TASK DIRECTIONS:
Among the entries below, take the line with "The Jade Buddha Statute" and the line with "Figure 8. Support", and output them and every line between them exactly, with nothing else.
*** Opening DATASET RECORDS ***
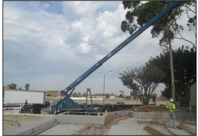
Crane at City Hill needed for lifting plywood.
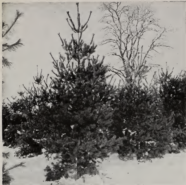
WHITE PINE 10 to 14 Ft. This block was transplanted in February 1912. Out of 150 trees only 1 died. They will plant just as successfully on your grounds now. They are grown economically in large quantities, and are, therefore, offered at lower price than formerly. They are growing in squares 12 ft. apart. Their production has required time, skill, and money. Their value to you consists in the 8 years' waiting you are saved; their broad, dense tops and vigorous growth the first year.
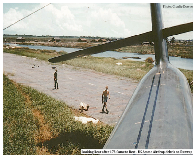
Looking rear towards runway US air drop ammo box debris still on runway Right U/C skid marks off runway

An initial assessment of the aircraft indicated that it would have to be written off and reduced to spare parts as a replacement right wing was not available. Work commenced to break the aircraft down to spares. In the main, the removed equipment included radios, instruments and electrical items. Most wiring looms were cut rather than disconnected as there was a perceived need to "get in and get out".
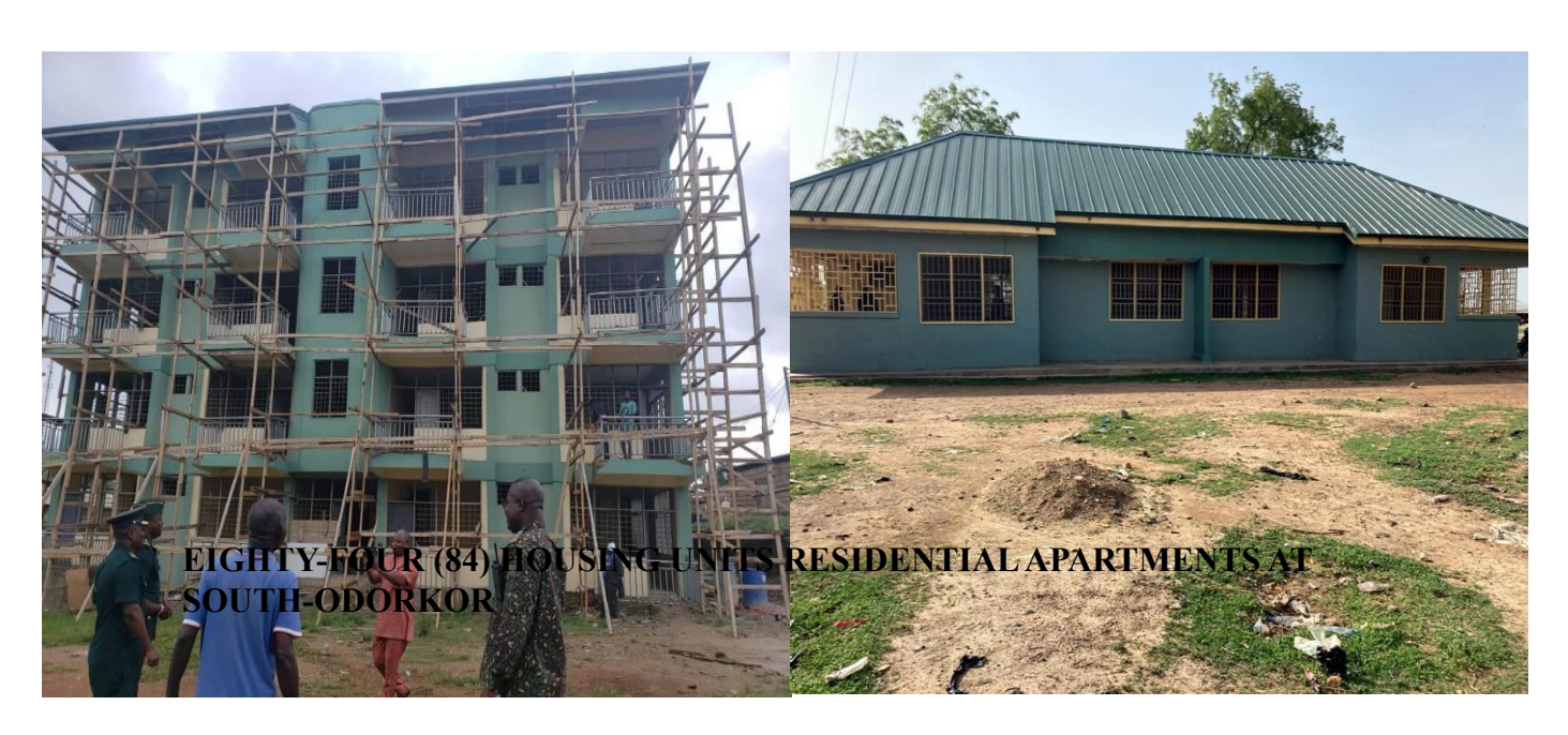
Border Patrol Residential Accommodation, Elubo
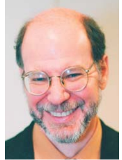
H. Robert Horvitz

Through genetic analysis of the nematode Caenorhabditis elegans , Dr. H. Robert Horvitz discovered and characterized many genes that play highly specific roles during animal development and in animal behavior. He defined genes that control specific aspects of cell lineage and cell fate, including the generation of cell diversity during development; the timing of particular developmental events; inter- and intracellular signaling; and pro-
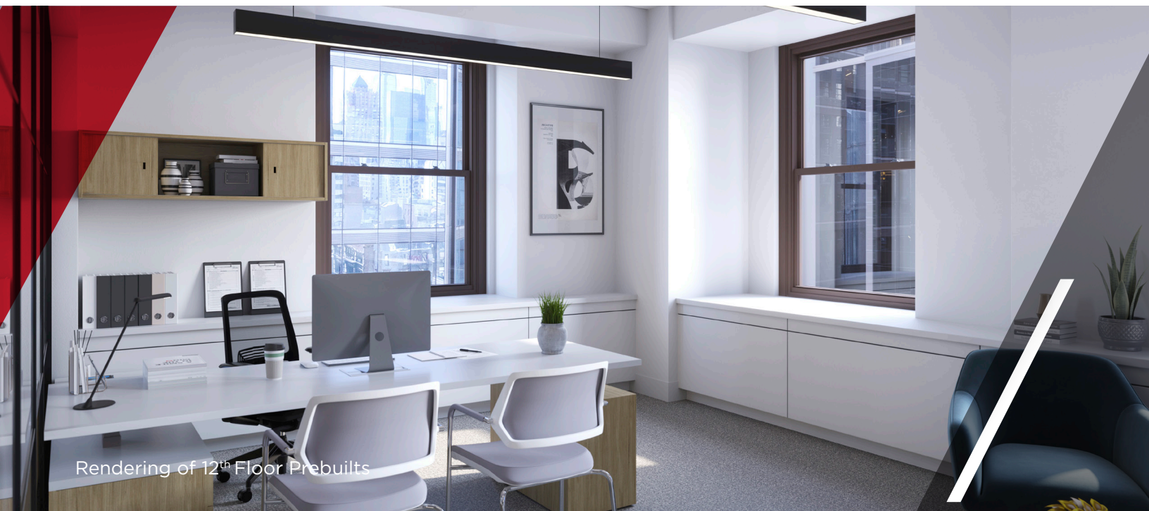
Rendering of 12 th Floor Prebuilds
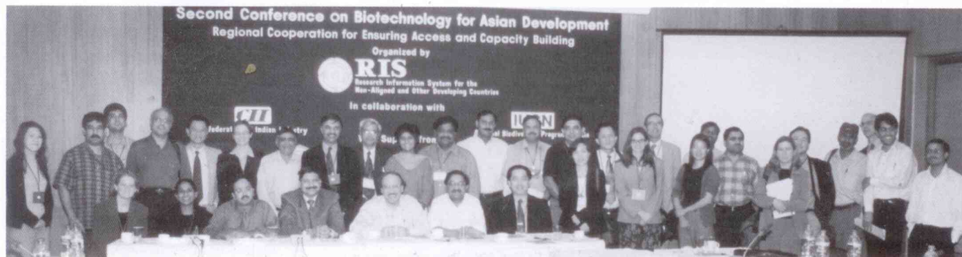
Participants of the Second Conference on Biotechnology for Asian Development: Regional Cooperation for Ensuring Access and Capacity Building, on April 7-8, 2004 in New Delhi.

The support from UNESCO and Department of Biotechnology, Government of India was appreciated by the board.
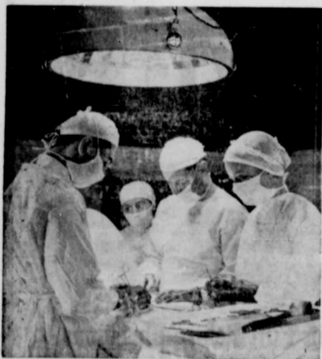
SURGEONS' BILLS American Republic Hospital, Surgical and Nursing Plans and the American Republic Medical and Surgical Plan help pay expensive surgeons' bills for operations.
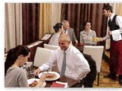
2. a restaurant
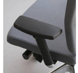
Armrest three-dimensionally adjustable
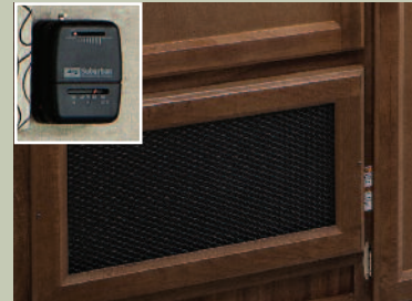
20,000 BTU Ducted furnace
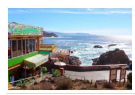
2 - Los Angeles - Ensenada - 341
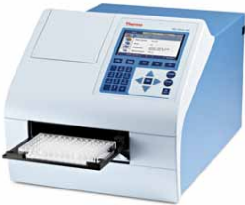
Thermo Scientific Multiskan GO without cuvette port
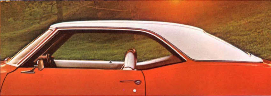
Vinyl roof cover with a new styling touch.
*** Closing DATASET RECORDS ***
*** Opening DATASET RECORDS ***
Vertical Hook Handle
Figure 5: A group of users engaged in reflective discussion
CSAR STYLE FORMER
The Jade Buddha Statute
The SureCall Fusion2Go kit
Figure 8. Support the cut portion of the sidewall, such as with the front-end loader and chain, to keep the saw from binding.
*** Closing DATASET RECORDS ***
*** Opening DATASET RECORDS ***
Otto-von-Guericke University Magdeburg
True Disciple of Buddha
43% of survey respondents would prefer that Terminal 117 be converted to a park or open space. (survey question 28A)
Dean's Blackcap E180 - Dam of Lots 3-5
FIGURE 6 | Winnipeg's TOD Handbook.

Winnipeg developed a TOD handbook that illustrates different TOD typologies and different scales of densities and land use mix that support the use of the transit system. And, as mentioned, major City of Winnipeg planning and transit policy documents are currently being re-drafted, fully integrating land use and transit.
*** Closing DATASET RECORDS ***
YOUR RESPONSE:
The Jade Buddha Statute
The SureCall Fusion2Go kit
Figure 8. Support the cut portion of the sidewall, such as with the front-end loader and chain, to keep the saw from binding.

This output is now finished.